# What the exercise asks
Ignoring every picture, transcribe the data in full as it stands.

# Provided material
===============
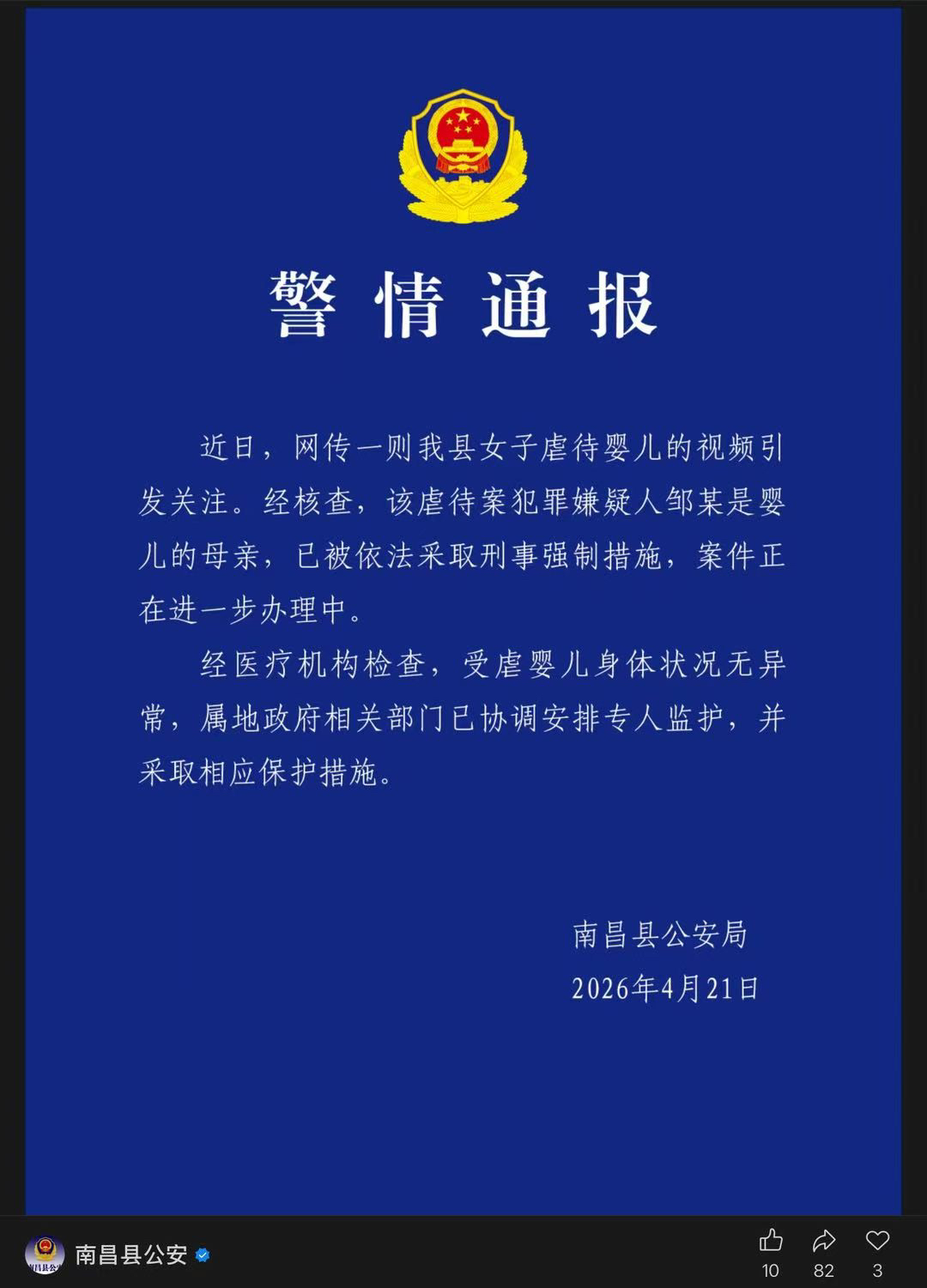 4月21日,有网友发布视频反映,江西南昌发生一起虐婴事件,相关话题引发关注。21日晚,江西省南昌市南昌县公安局发布警情通报:“近日,网传一则我县女子虐待婴儿的视频引发关注。经核查,该虐待案犯罪嫌疑人邹某是婴儿的母亲,已被依法采取刑事强制措施,案件正在进一步办理中。经医疗机构检查,受虐婴儿身体状况无异常,属地政府相关部门已协调安排专人监护,并采取相应保护措施。”
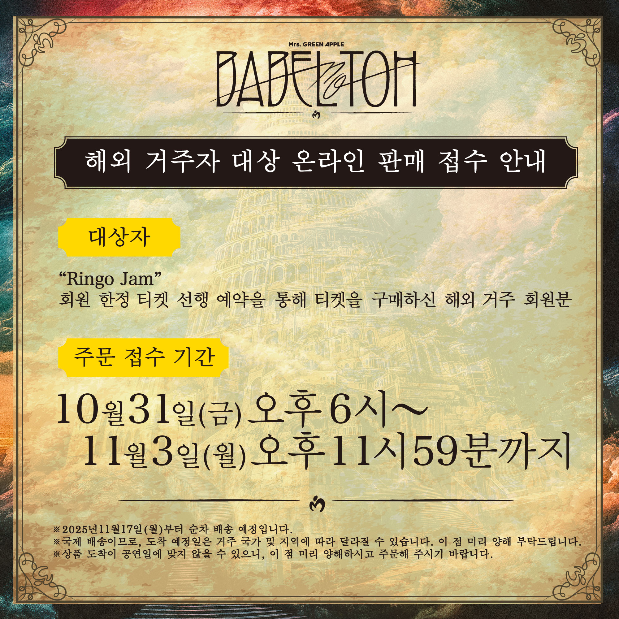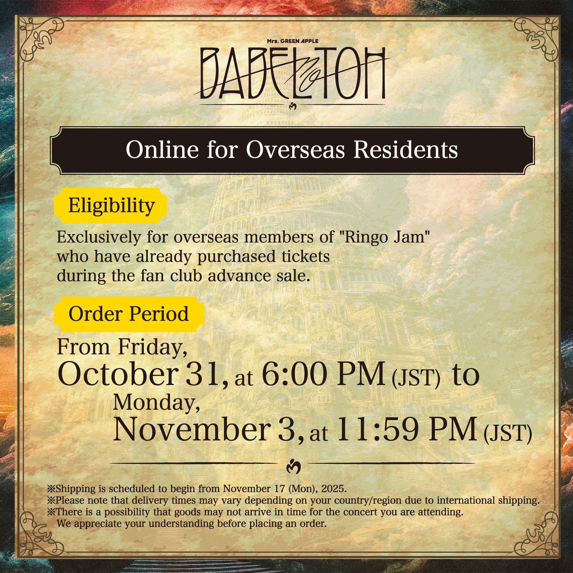 ≪DOME TOUR 2025 "BABEL no TOH"≫ OFFICIAL GOODS 日本国外在住者向けオンライン販売の詳細が決定いたしました。
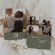 Este código de QR multifoto verde verde-azul-boho salve o cartão de data é perfeito para um casamento minimalista. A design boêmica moderna de tom verde-escuro de madeira apresenta caligrafia rustica simples com um estilo único, mas clássico. Personalize sua data de salvamento com seus nomes, data de casamento, local, 4 fotos de noivado e um código de QR que liga ao seu site de casamento.
===============
# Solution to this problem
 4月21日,有网友发布视频反映,江西南昌发生一起虐婴事件,相关话题引发关注。21日晚,江西省南昌市南昌县公安局发布警情通报:“近日,网传一则我县女子虐待婴儿的视频引发关注。经核查,该虐待案犯罪嫌疑人邹某是婴儿的母亲,已被依法采取刑事强制措施,案件正在进一步办理中。经医疗机构检查,受虐婴儿身体状况无异常,属地政府相关部门已协调安排专人监护,并采取相应保护措施。”
 ≪DOME TOUR 2025 "BABEL no TOH"≫ OFFICIAL GOODS 日本国外在住者向けオンライン販売の詳細が決定いたしました。
 Este código de QR multifoto verde verde-azul-boho salve o cartão de data é perfeito para um casamento minimalista. A design boêmica moderna de tom verde-escuro de madeira apresenta caligrafia rustica simples com um estilo único, mas clássico. Personalize sua data de salvamento com seus nomes, data de casamento, local, 4 fotos de noivado e um código de QR que liga ao seu site de casamento.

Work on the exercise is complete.